Average annual population change (%, from linear trend) of the four grassland breeding shorebird species in the mosaic areas (blank columns) and differences of this change with regular farmland, nature reserves and individual management (grey columns) in Friesland before (A) and after (B) the year of introduction of the mosaic management

A difference of +2 for regular farmland (first grey column table A) means that the annual population change on regular farmland is 2% better than with mosaic management. In bold are the differences between mosaic management and the other management types that increased after introduction of the mosaic management. * P < 0.10; * P < 0.05; ** P < 0.01; *** P < 0.001; n.s. not significant

Only for Northern Lapwing is the change of trend (% annual population change) before and after the introduction significant (from −7% to +4%, T = 2.64, df = 979, P = 0.008). With the other species, no significant change of trend after the introduction of mosaic management is found (Black-tailed Godwit T = −1.20, df = 980, P = 0.230, Redshank T = −1.29, df = 979, P = 0.197, Oystercatcher T = −0.84, df = 979, P = 0.398).

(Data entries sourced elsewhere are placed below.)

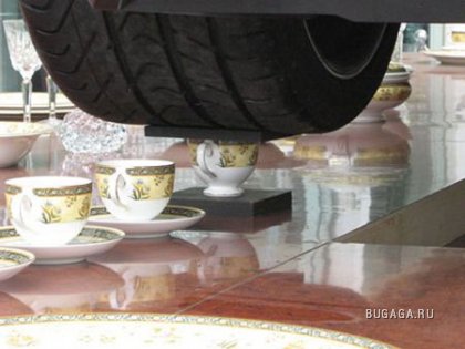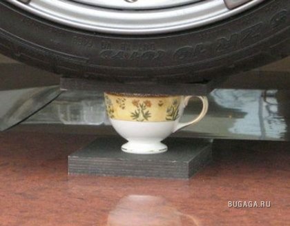 Необычной рекламной акцией решил привлечь к себе внимание известный в Северной Америке магазин китайского фарфора и сувениров William Ashley. 1430-килограммовый итальянский суперкар Lamborghini Gallardo подняли в воздух краном и аккуратно опустили колесами на оказавшиеся весьма стойкими 4 чашки из китайского фарфора.
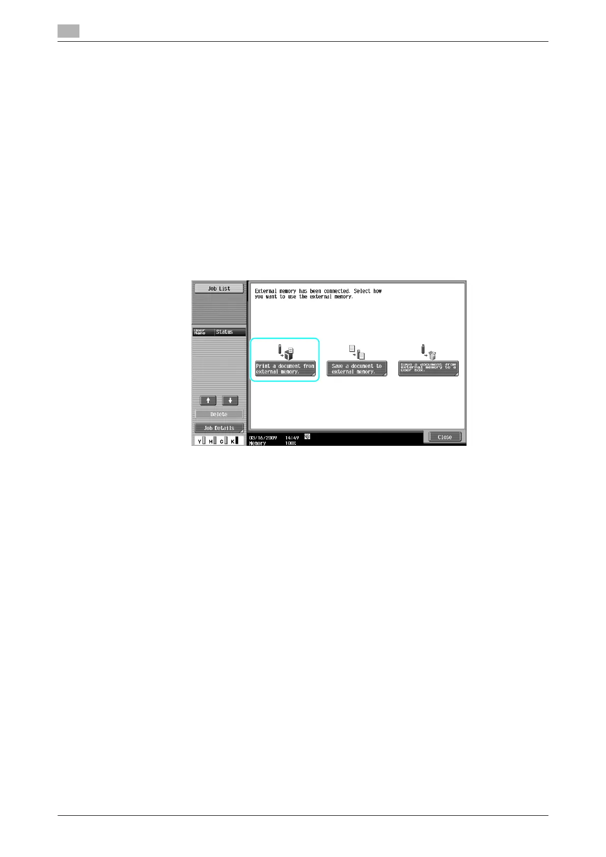 1 Connect the external memory to this machine, and press [Print a document from external memory.].
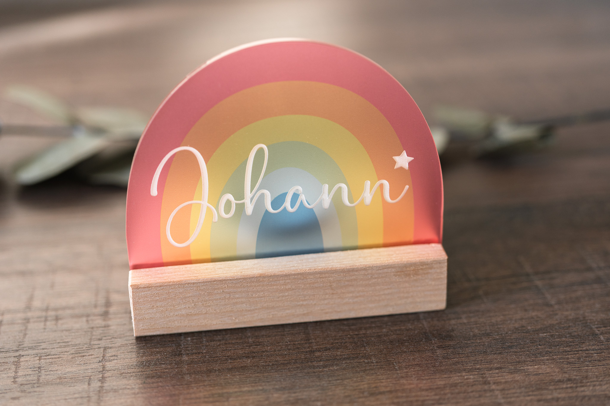 Der Regenbogen wird in einen hochwertigen Holzsockel gesteckt und wirkt durch das sanfte Farbspiel und die feine Gravur besonders stilvoll und tröstlich. Auf Wunsch kann der Name des Sternenkindes eingraviert werden – ein liebevolles, individuelles Andenken, das Trost spendet und die Erinnerung lebendig hält.
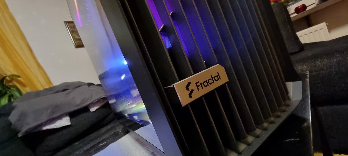 Designmässigt har det hänt mycket, och med en någorlunda kurvad toppplatta, får du framförallt en industriellt påminnande frontpanel, där RGB-fläktar lyser igenom på ett fräckt sätt genom den grill som sitter där. Det känns verkligen som att Fractal Design vill uppnå något nytt sett till det utseendemässiga och det lyckas de med riktigt bra. Den står ut på ett härligt subtilt sätt, och ger en modern känsla – särskilt i paritet med den mängd upplysta fläktar som medföljer.
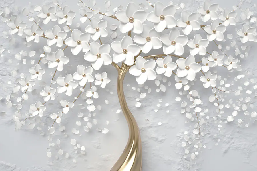 Tableaux Un arbre avec des fleurs et des feuilles blanches
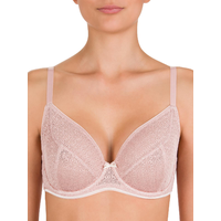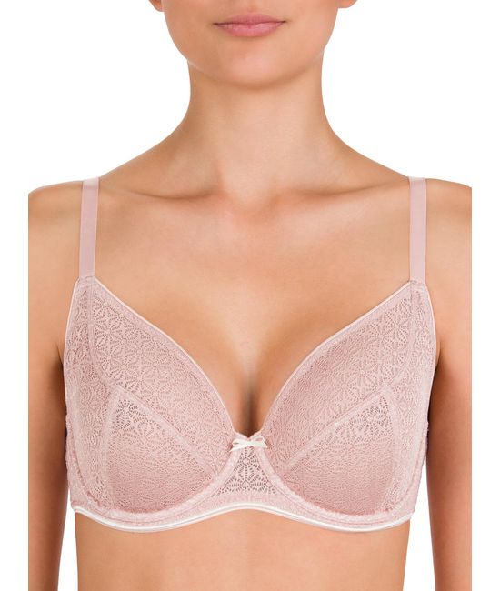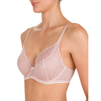 De nieuwe fashion-serie Santorini van Conturelle. 3/4 de beugel- BH met elastische kant in een grafisch-abstract design en discreet contrasterende biezen. Ze voelt aan als een ‘vleugje niets’, terwijl de tule een stabiele steun garandeert. Deze BH heeft een vrouwelijk decolleté en variabele bandjes die desgewenst als neckholder of kruisgewijs kunnen worden gedragen.
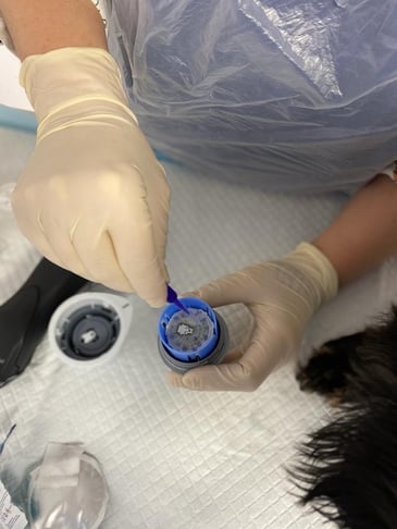 La grande majorité des capteurs peuvent être posés sur des patients conscients, mais l’installation du capteur nécessite une légère pression. Pour certains patients félins, notamment ceux qui ne sont pas habitués à la pose de capteurs, une sédation ou une anxiolyse à l’aide de gabapentine ou de butorphanol peut être utile. Si les patients diabétiques sont déjà sédatés pour d’autres procédures (par exemple pour l’imagerie), il est recommandé de profiter de l’occasion pour placer le capteur. Chaque capteur est fourni avec un applicateur (Figure 2), nécessaire pour installer correctement le disque du capteur.

Comparisons with other management types

Before introduction of the mosaic management, the trends of the grassland breeding shorebird species in the (future) mosaic areas were already generally better than with the other management types. The exception was Northern Lapwing in regular farmland and reserves (Table 2a). After introduction of the mosaic management, the positive differences in trend persisted to different degrees [Table 2b, afterwards more differences are statistically significant, but this is, above all, a matter of more data points (8 years instead of four) that increase the chance of statistical significance]. With Black-tailed Godwit, Redshank and Oystercatcher, some differences increased and some decreased. Only with Northern Lapwing did all trend differences of mosaic management with the other management types increase (Table 2b). For Black-tailed Godwit, Redshank and Northern Lapwing (but not for Oystercatcher), the trend difference with individual management increased.

However, only for Northern Lapwing did the change of trend after introduction of the mosaic management get significantly better than the change of trend associated with the other management types (Table 3). For the other species, there was no difference in change of trend between the management types, with the exception of Oystercatcher in the nature reserves.
Table 3

Change of trend (% average annual population change, from linear trend) of the four grassland breeding shorebird species after the year of introduction of the mosaic management for the management types mosaic management, regular farmland, nature reserves and individual management in Friesland

Management type

Northern Lapwing

Black-tailed Godwit

Redshank

Oystercatcher

Mosaic management

+10**

−5

−6

−3

Individual management

+2

−1

−10

−2

Nature reserves

−1

−3

−3

+7**

Regular farmland

+1

−3

−6

+7

** P < 0.01, all other change of trend values were non-significant

Discussion and conclusions

In 1975, the first policy paper related to biodiversity conservation on farmland was published in the Netherlands aiming at enhancing grassland breeding shorebirds on both farmland and nature reserves. Since then, Dutch governments have tried to improve conservation efforts for these birds. At the start, relatively simple measures were taken, such as nest protection, postponed mowing and grazing types on individual farms: breeding birds as a ‘farm product’ (cf. Musters et al. 2001). Nowadays, a more system-oriented approach is being developed, taking into account all relevant breeding stages of the birds (settlement, nesting, non-fledging, fledging) on a much larger spatial scale. The result is spatial mosaic management beyond individual farm level, within which farmer collectives try to optimise their Agri-Environmental management. Our study assesses the results of this mosaic management for the first time, using data collected over 8 years during which one may expect effects to show at the population level.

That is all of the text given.